<PAGE> 1
________________________________________________________________________________
________________________________________________________________________________
U.S. SECURITIES AND EXCHANGE COMMISSION
WASHINGTON, D.C. 20549
FORM 8-K
CURRENT REPORT
PURSUANT TO SECTION 13 OR 15(D) OF
THE SECURITIES EXCHANGE ACT OF 1934
Date of Report (Date of earliest event reported): OCTOBER 12, 1995
------------------------
THE HALLWOOD GROUP INCORPORATED
- --------------------------------------------------------------------------------
(Exact name of registrant as specified in its charter)
DELAWARE 1-8303 51-0261339
- ----------------------- ------------------ -------------------
(State or other (Commission File Number) (IRS Employer
jurisdiction of Identification No.)
incorporation
3710 RAWLINS, SUITE 1500, DALLAS, TEXAS 75219
- --------------------------------------------------------------------------------
(Address of principal executive offices) (Zip Code)
Registrant's telephone number, including area code: (214) 528-5588
----------------------------
(NOT APPLICABLE)
- --------------------------------------------------------------------------------
(Former name or former address, if changed since last report)
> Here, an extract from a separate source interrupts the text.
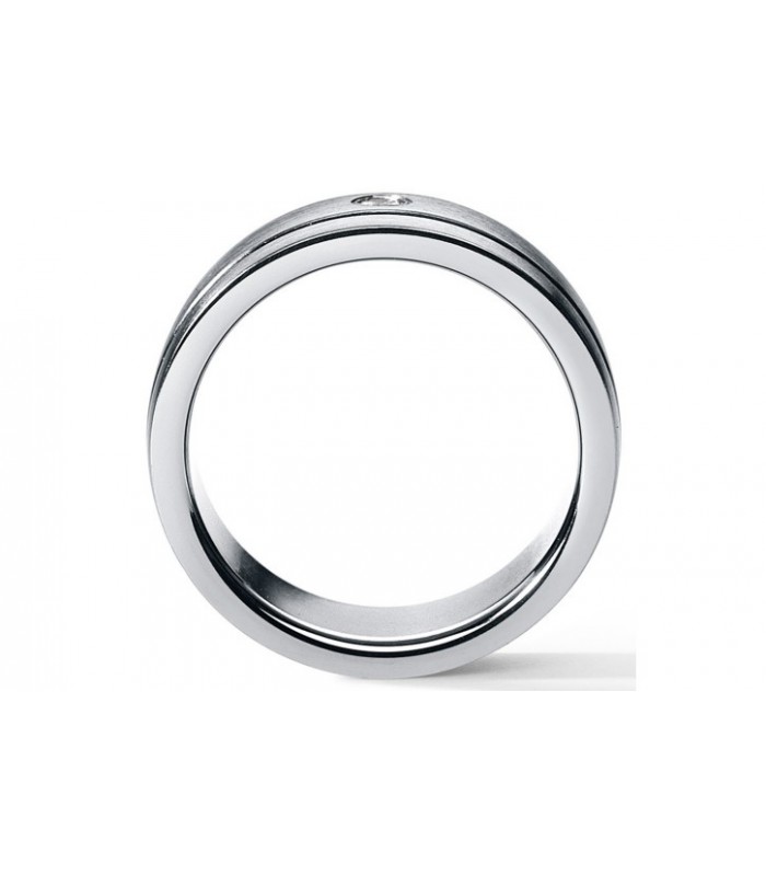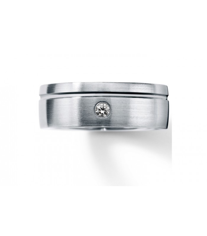 Anillo Zentrish en acero de 7 m.m ancho con acabado efecto hielo con surco y diamante talla brillante de 0,05 ct TW-VS 2,35 m.m.

________________________________________________________________________________
________________________________________________________________________________
<PAGE> 2
ITEM 8. CHANGE IN FISCAL YEAR
On October 12, 1995, the Board of Directors of The Hallwood Group
Incorporated (the "Company") approved a change in the Company's fiscal year end
from July 31 to December 31, to be effective beginning December 31, 1995. The
Company will file its Annual Report on Form 10-K for its fiscal year ended July
31, 1995, and a Quarterly Report on Form 10-Q for the quarter ending October
31, 1995. The Company's next periodic report to be filed with the Securities
and Exchange Commission will be a transition report on Form 10-Q to be filed
with respect to the period ending December 31, 1995.
2
<PAGE> 3
SIGNATURES
Pursuant to the requirements of the Securities Exchange Act of 1934,
the registrant has duly caused this report to be signed on its behalf by the
undersigned hereunto duly authorized.
THE HALLWOOD GROUP INCORPORATED
Date: October 26, 1995 By: /s/ Melvin J. Melle
-------------------
Melvin J. Melle
Vice President, Chief Financial
Officer and Secretary
3
<PAGE> 4
INDEX TO EXHIBITS
Exhibit No. Exhibit
----------- -------
20 Press Release of The Hallwood
Group Incorporated
4
<PAGE> 1
EXHIBIT 20
THE HALLWOOD GROUP INCORPORATED
NEWS FOR IMMEDIATE RELEASE
For further information, contact:
Mary Doyle, Vice President
Investor Relations
(800) 225 0135
(214) 528 5588
THE HALLWOOD GROUP ANNOUNCES CHANGE OF FISCAL YEAR END
AND AUTHORIZATION TO BUY STOCK
OF HALLWOOD ENERGY CORPORATION
Dallas, Texas, October 23, 1995--The Hallwood Group Incorporated (NYSE:HWG)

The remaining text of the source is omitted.